Daha sonra Hymie’nin giydiği gömleğin bir tarlanın çitinde asılı bulunduğunu ve sustalısının hâlâ boğaya saplı olduğunu duydum. Boğa cürufun üzerinde yuvarlanıp raylar boyunca uzanan bağlara girmiş ve kaplan zambağına benzeyen çiçekler arasında kanlar içinde uzanıyormuş.

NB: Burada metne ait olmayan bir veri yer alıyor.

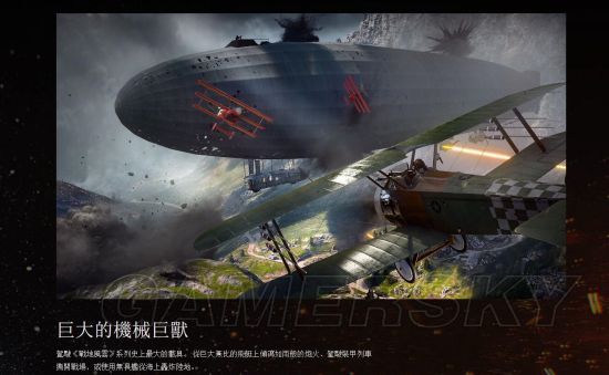 巨大的机械巨兽:驾驶《战地》系列史上最大的载具。从巨大无比的飞艇上倾泻如雨般的炮火、驾驶装甲列车撕开战场,或使用无畏舰从海上轰炸陆地。

Bir sonraki gün günbatımı civarında Montgomery, Alabama’daki bakım istasyonuna yanaşıyorduk. Hattın millerce aşağısında hayatımızın en büyük korkusunu yaşadık. Bakım istasyonuna varmadan önce trenin bir demir köprüden geçmesi gerekiyordu. Yavaşça ilerliyordu ve köprüyü geçer geçmez trenden inmeye başladık. Birdenbire bir bağırış duyduk ve katarın önüne koştuk, orada iki tane boğa vardı, biri uzun biri kısa boylu, tüfek namlularının ucunda milleti topluyorlardı. Daha iyi görebilmek için herkesi sıraya diziyorlardı. Gökyüzü bulutlu ve kapkaraydı. Hymie’nin boğasının bulunduğunu ve bir kara oğlanın halledilmesi gerektiğini biliyorduk. Ama bu sefer şansımız yaver gitmiş olmalıydı çünkü tam o anda fırtına bastırdı ve katar bakım istasyonundan ayrılmaya başladı. Boğalar bağırarak kimsenin trene binmemesini söyledi ve bizse dağılıp bakım istasyonunun öteki ucunda ayrılmakta olan katarı yakalayabilmek için vagonların arasında sağa sola kaçışmaya başladık. Başardık da. O gece yağmurda trenin tepesinde takıldık. Rahat değildi ama biz deli gibi mutluyduk ve ertesi gün güneşin kıyafetlerimizi üzerimizde kurutacağını biliyorduk ve Hymie’nin boğasını hakladığı yerden çok uzaklara gidecek hızlı bir şeyler yakalayacaktık.

Ralph Ellison

Çeviren: Burcu Alkan

Kaynak: Ralph Ellison, “Hymie’s Bull,” Flying Home and Other Stories. New York: Random House, 1996 (s. 82-88).